Search code examples
pythonpandascx-oracle

How to covert oracle clob column to list using pandas


I'm trying to read a clob column from oracle table into a pandas dataframe. I need to convert the pandas dataframe before I pass it to a classifier as list.

The result shows - with multiple entries

I want to see a result like ['string1', string2','string3']

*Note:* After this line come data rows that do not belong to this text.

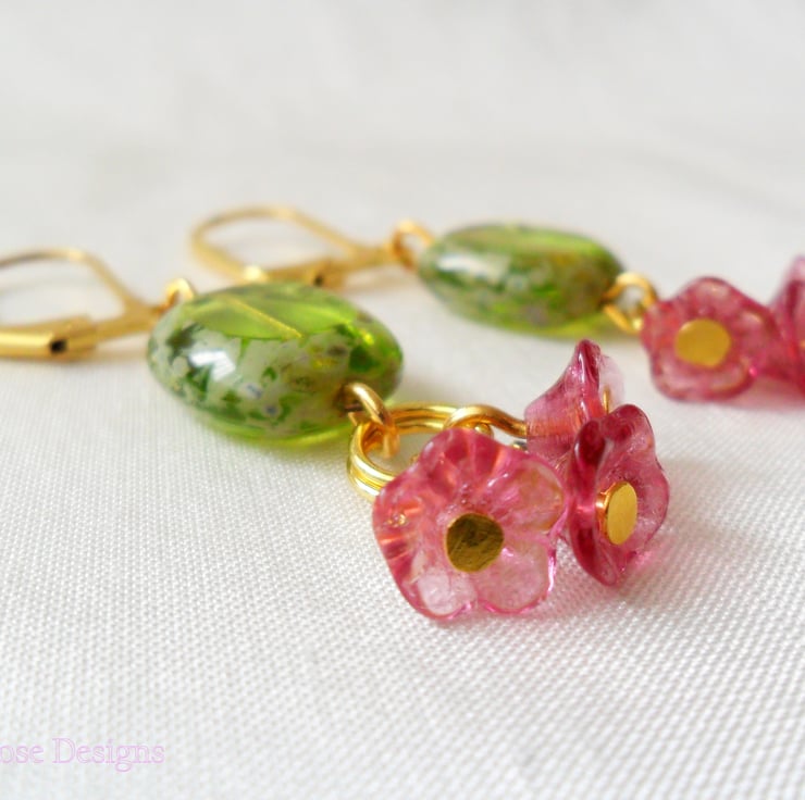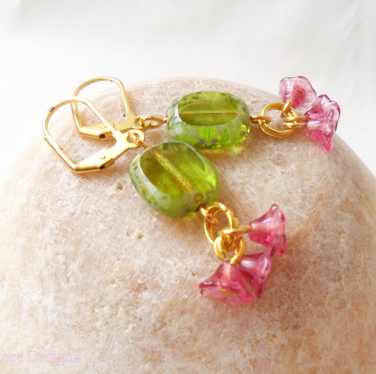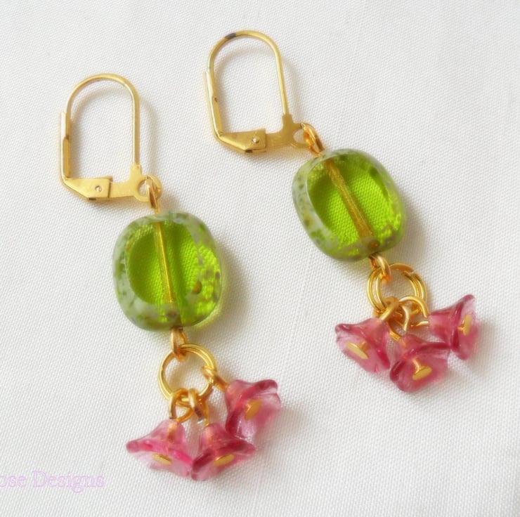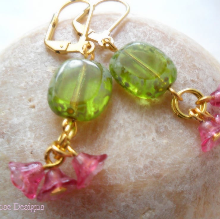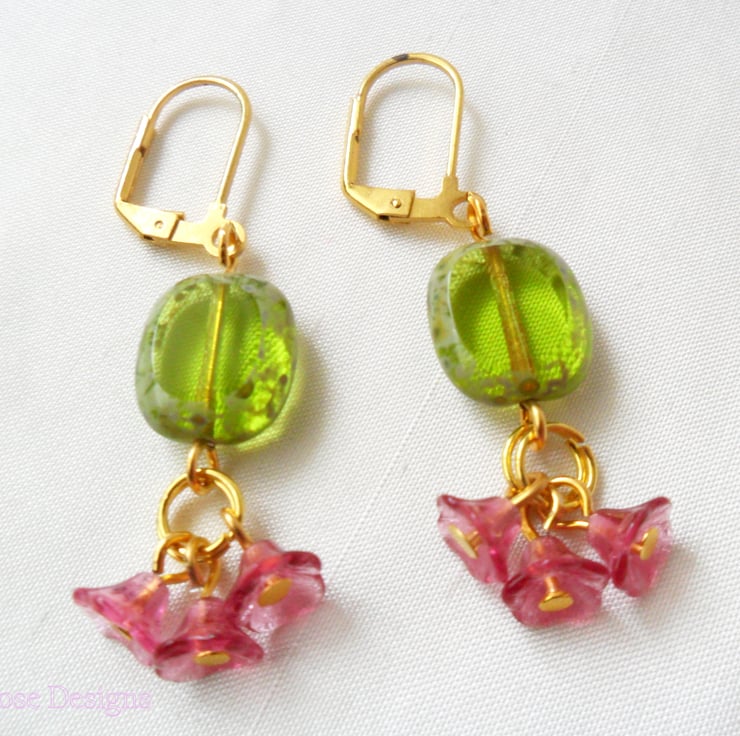 These are such pretty earrings, perfect for a Wedding or Prom! Handmade using 14 mm olive flat green Czech glass beads and a trio of tiny flower cup beads in deep pink. Hanging from gold-plated lever-back ear wires, these earrings have a drop of 2" (5 cm).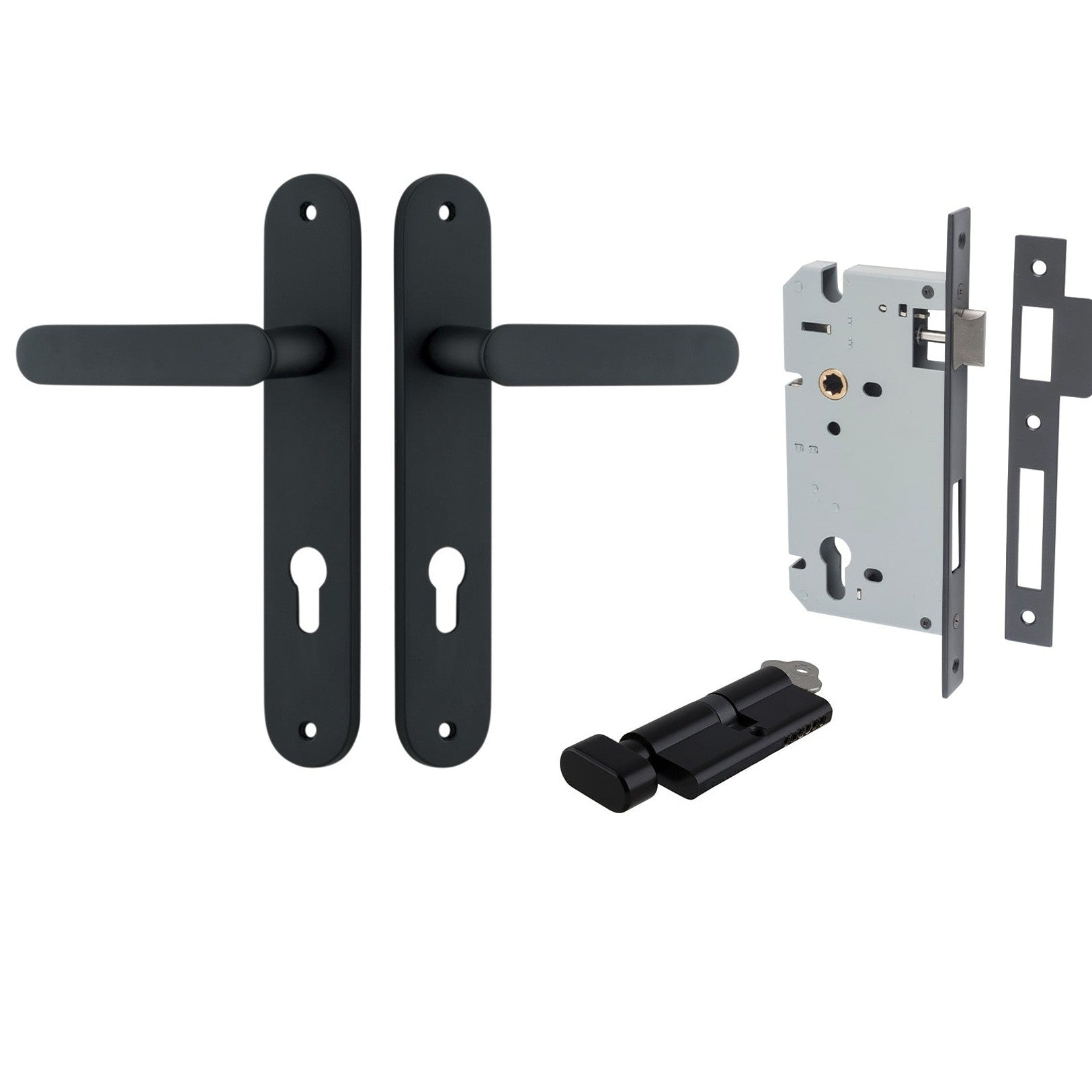 Iver Door Handle Bronte Oval Euro Pair Key/Thumb Matt Black Entrance Kit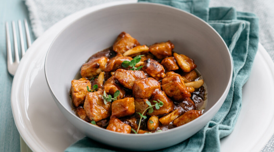 Un secondo di carne succulento, cucinato con mandorle, cipollotti e zafferano. Profumato con ciuffi di timo, è un eccezionale comfort food

Please help Code snippet below -

import pandas as pd
import cx_Oracle
connection = cx_Oracle.connect('username/pass@localhost/schema')
statement = "select clob_column from table "
df = pd.read_sql(statement, con=connection)
#print(df.head())
corpus=(df['CLOB_COLUMN'].values.tolist())
print (corpus)

Solution

  • You can solve your problem using the following approach:

    import cx_Oracle
    import pandas as pd
    
    connection_string = 'username/pass@localhost/schema'
    clob_column_name = 'CLOB_COLUMN'
    query = "SELECT {} FROM table".format(clob_column_name)
    
    with cx_Oracle.connect(connection_string) as connection:
        df = pd.read_sql(sql=query, 
                         con=connection)
        # need to read data from cx_Oracle.LOB objects
        df[clob_column_name] = df[clob_column_name].apply(lambda x: x.read())
    
    print(df[clob_column_name].values.tolist())
    
    # ['string1', 'string2', 'string3']